Collection entries
^^^^

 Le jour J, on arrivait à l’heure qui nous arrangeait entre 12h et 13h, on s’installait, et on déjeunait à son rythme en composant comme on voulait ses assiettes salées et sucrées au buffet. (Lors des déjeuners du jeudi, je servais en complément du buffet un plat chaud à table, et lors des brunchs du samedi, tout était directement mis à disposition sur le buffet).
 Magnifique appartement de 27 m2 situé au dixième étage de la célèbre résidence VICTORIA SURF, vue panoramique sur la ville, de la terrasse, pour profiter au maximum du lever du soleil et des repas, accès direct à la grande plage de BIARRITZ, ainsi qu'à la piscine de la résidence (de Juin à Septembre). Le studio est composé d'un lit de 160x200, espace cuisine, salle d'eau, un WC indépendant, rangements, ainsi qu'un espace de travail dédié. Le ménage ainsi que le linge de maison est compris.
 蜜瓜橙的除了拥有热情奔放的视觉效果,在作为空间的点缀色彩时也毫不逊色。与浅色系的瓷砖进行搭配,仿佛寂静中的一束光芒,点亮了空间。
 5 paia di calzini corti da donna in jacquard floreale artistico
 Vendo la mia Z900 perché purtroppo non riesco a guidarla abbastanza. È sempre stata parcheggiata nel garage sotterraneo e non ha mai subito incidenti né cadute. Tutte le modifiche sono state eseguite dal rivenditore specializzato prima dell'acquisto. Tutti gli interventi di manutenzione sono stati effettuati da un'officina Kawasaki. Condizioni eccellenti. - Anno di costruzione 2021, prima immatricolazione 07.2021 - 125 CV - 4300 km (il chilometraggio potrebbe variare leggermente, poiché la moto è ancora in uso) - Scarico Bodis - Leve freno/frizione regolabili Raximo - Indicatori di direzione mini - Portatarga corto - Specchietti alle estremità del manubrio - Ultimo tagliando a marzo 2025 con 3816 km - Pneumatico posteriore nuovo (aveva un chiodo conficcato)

^^^^

Retype all of the records above without a single alteration.

TASK OUTPUT —
 Le jour J, on arrivait à l’heure qui nous arrangeait entre 12h et 13h, on s’installait, et on déjeunait à son rythme en composant comme on voulait ses assiettes salées et sucrées au buffet. (Lors des déjeuners du jeudi, je servais en complément du buffet un plat chaud à table, et lors des brunchs du samedi, tout était directement mis à disposition sur le buffet).
 Magnifique appartement de 27 m2 situé au dixième étage de la célèbre résidence VICTORIA SURF, vue panoramique sur la ville, de la terrasse, pour profiter au maximum du lever du soleil et des repas, accès direct à la grande plage de BIARRITZ, ainsi qu'à la piscine de la résidence (de Juin à Septembre). Le studio est composé d'un lit de 160x200, espace cuisine, salle d'eau, un WC indépendant, rangements, ainsi qu'un espace de travail dédié. Le ménage ainsi que le linge de maison est compris.
 蜜瓜橙的除了拥有热情奔放的视觉效果,在作为空间的点缀色彩时也毫不逊色。与浅色系的瓷砖进行搭配,仿佛寂静中的一束光芒,点亮了空间。
 5 paia di calzini corti da donna in jacquard floreale artistico
 Vendo la mia Z900 perché purtroppo non riesco a guidarla abbastanza. È sempre stata parcheggiata nel garage sotterraneo e non ha mai subito incidenti né cadute. Tutte le modifiche sono state eseguite dal rivenditore specializzato prima dell'acquisto. Tutti gli interventi di manutenzione sono stati effettuati da un'officina Kawasaki. Condizioni eccellenti. - Anno di costruzione 2021, prima immatricolazione 07.2021 - 125 CV - 4300 km (il chilometraggio potrebbe variare leggermente, poiché la moto è ancora in uso) - Scarico Bodis - Leve freno/frizione regolabili Raximo - Indicatori di direzione mini - Portatarga corto - Specchietti alle estremità del manubrio - Ultimo tagliando a marzo 2025 con 3816 km - Pneumatico posteriore nuovo (aveva un chiodo conficcato)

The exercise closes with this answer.